Power is simply defined as the amount of work that can be performed at a specific rate. This just means that if you have power, you can perform work that accomplishes tasks. Generally we are talking about mechanical power when looking at torque vs horsepower. The important factor to remember in the definition of Power is that mechanical power is the product of Torque and RPM, where RPM is revolutions per minute.When we talk about mechanical power we are considering torque already but at a certain RPM. The unit of power is horsepower, watts, kilowatts. etc. Nitro or Gas engines use horsepower where Electric motors use watts or kilowatts. 746 watts is equivalent to 1 horsepower. Before we look at what torque is I will leave you with the formula to calculate Horsepower. P = T ω. Now we will define and better understand what torque is.

What is Torque? – Torque vs Horsepower

Torque production - Torque vs Horsepower

Torque production – Torque vs Horsepower

Torque is best defined or explained by looking at static torque. When we take a Torque Wrench and apply an appropriate amount of force on the handle of the wrench we create a torque at the socket. The force applied at a distance produces a torque that can be used to tighten bolts such as lug nuts found on your car. This torque is static meaning you can not perform any work when peak torque is reached as nothing will move.

Now if we consider dynamic torque, the exact same action is happening except the torque is being applied constantly as a shaft rotates continuously.

In conclusion, torque creates a twisting or turning force to a shaft or flywheel. Torque can be measure in inch-ounces, pound-feet, or Newton-meters.

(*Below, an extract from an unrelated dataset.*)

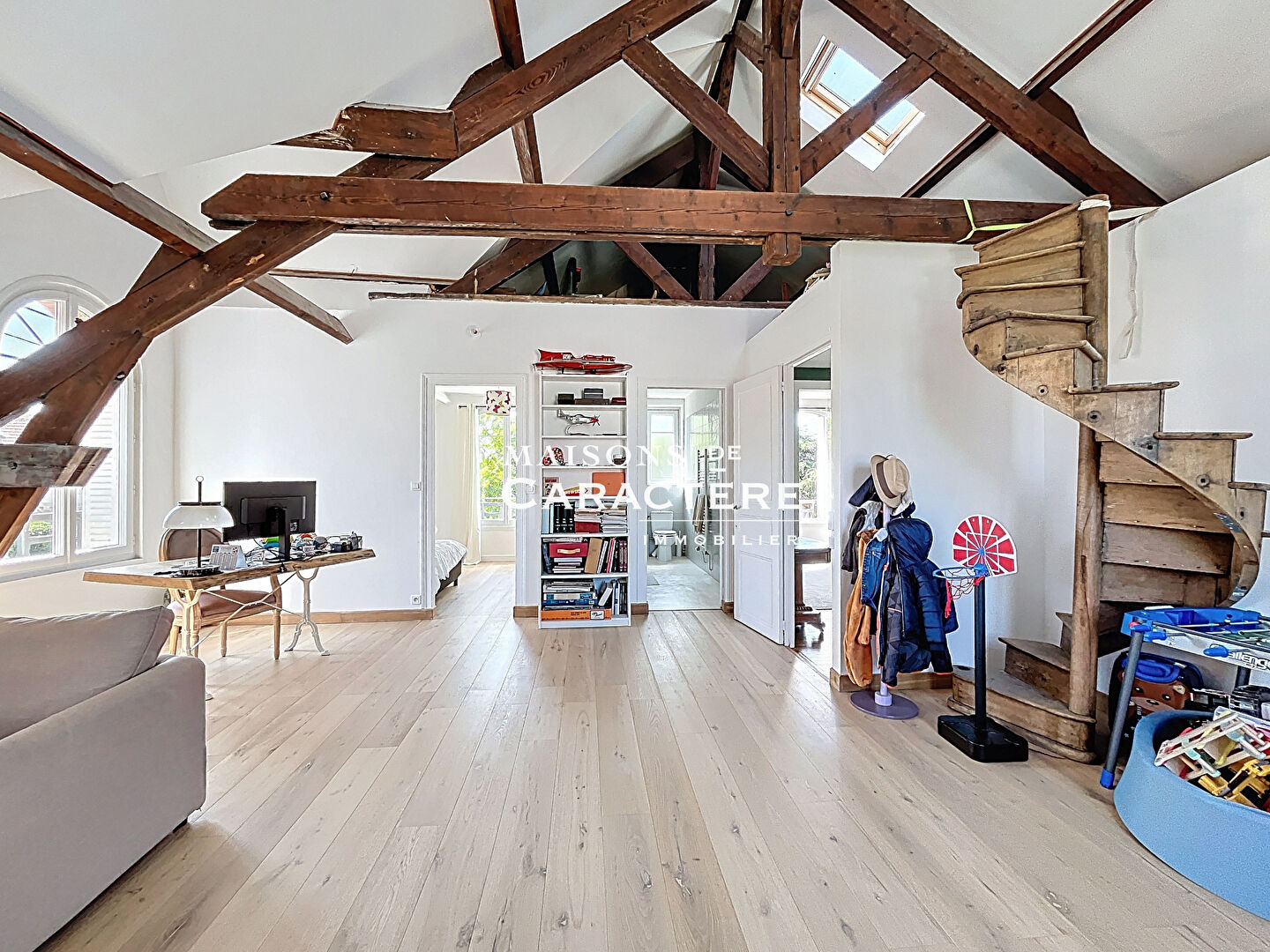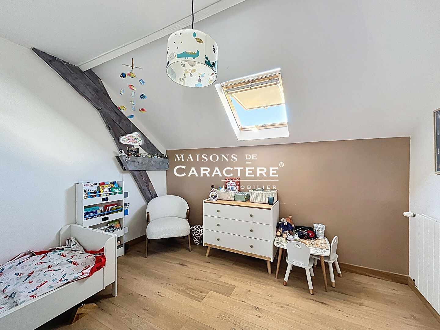 L’étage est agencé actuellement en une généreuse Family Room, 3 chambres, ainsi qu’une Salle d’eau avec wc permet une installation immédiate, mais les familles nombreuses y verront le potentiel de 2 chambres supplémentaires. Grenier ouvert pour un très bel effet « cathédral » de 4,71 mètres de hauteur.

Torque and Power of Gas/Nitro Engine vs Electric Motor – Torque vs Horsepower

Torque vs Horsepower Curve - Nitro-Gas Engine vs ELectric Motor

Torque vs Horsepower Curve – Nitro-Gas Engine vs Electric Motor

If we consider the torque vs horsepower characteristics of  an electric motor verse a nitro or gas engine, they are fairly different. The power/torque curve of an internal combustion engine such as the nitro or gas engine is quite linear, where power builds as RPM increases and torque increases as RPM increases. Eventually torque levels off and begins to decline.

Now when we consider the electric motor, the characteristics are quite different. Torque is exceptionally strong in the lower RPM ranges and then tapers off at the higher RPM range. Horsepower build strongly at the lower RPM range as the amount of torque available is significant. Using the graph to the side, you can visually see the difference between the two power sources mainly in the torque curves.

The nitro and gas engines tend to perform very well at the higher RPM range and the electric motor tends to perform very well at the lower RPM range. The most important characteristic to take from this is the torque curve and how it forms for each power source. Although these characteristics are very evident in general terms, it is important to remember that these curves can vary dependent on specific motor or engine characteristics.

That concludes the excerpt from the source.